Stop trying to control him. Start working on you and changes you want to see in yourself. I can understand that you wanted him to want to be with you and your son. I get that. It seems natural to me. But the way it came across wasn't very constructive. So go back to that behavior and figure out what needs to change. I suggest you write it down in your journal (you are keeping one right?) Pick one of those things each week and work on changing that behavior. Analyze it. Own it. Know it. Change it. You won't be able to demonstrate some of it, but it will bleed through in your interactions. I suggest you start by giving him the freedom to be with your son. Alone. Without your interaction even if he invites you. Find a reason to not go over there immediately or at all if possible. For a few times, and then mix it up and go when/if he invites. Let him have the alone time with your son. He deserves it. He's a good dad right?

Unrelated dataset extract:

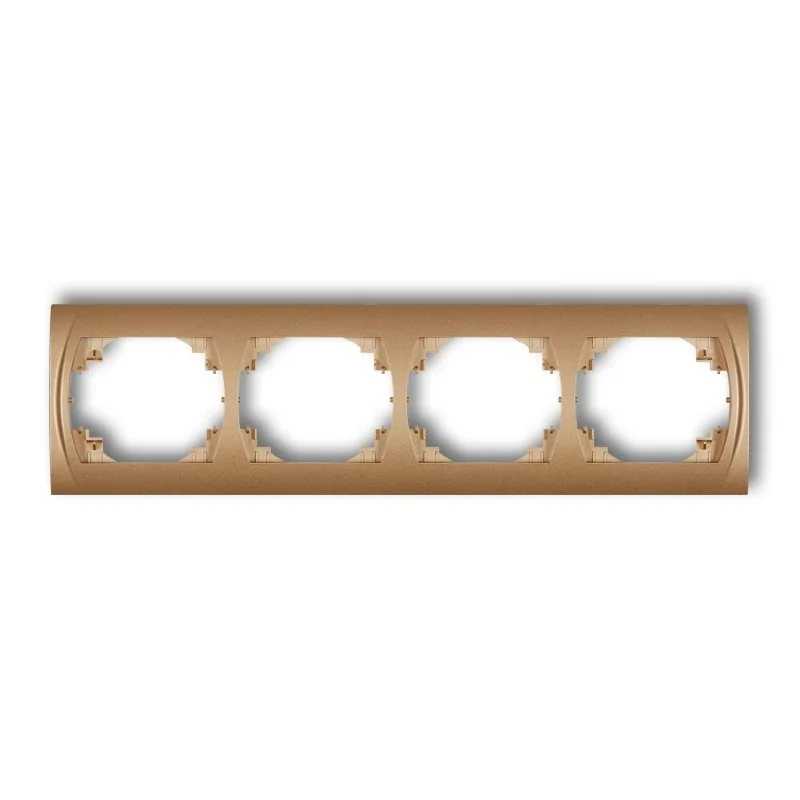Ramka poczwórna 8LRH-4 serii LOGO firmy KARLIK posiada stopień odporności IP20. Ramka instalacyjna 7LRH-4 jest w stanie pomieścić 4 gniazdka. Poczwórna ramka instalacyjna serii LOGO firmy KARLIK jest przeznaczona do użytku wewnętrznego. Wymiary złotej ramki 8LRH-4 to: szerokość- 294, 70 mm, wysokość- 82 mm, głębokość- 12, 30 mm.

When he wants to go to parties. Let him. Encourage him (that's a 180 as well). You won't stop him anyway. You may as well encourage him to go and have fun. You'll at least get an interesting look out of it. Be unavailable to discuss that further.

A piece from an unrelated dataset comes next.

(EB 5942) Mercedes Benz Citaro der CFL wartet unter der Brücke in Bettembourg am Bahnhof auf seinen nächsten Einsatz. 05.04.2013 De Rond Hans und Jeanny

Your actions also speak louder than words. Stop using the words as much as you have. Do NOT ask about the relationship. Set a goal of at least three weeks that you will not bring it up at all. Nothing to do with the relationship. He's told you that he wants you to leave it alone. So leave it alone.

The EA. You don't know where his heart was. That's a tough thing to say for me. It really is. But it's true. As a suggestion, write him a letter where you vent all of those feelings. Do NOT let him see that letter. Ever. It's for you and you alone. Once you've written that letter, put it away somewhere he'll never ever find it. Leave your feelings with that letter. Sealed with the letter. Look at it later if you need to remember the feelings. When you're done with it, you can burn it and be done with that burden that you've put on yourself. We'll talk about this again later but for now, know that you can't carry that burden. It's not yours. You don't deserve to carry it.

Is he waiting to see what happens? What changes? Or if he can live with the changes? You bet. Is he confused? Yes. Can you change that? Not really, but you can change you. That has the added effect of forcing him to change as well. He wants to be married to you. But he doesn't want to feel so restricted or not appreciated. I suspect he doesn't feel like he's part of the marriage.

Stop worrying about him (hard to do I know) and start working on you. You deserve the overhaul if for no other reason than you don't need the guilt and the burden of thinking you didn't do something for yourself you should have. You are worth it. Be the person you wanted to be all along. He may come back when those changes are real and have been in place for a while (i.e. he can trust them) but he certainly won't if you stay unchanged.

Now's the time to be the change you want to see in your relationship.

AJ


"Our lives begin to end the day we become silent about things that matter" MLK
Put the glass down...
"Yesterday I was clever so I wanted to change the world
Today I am wise, so I am changing myself."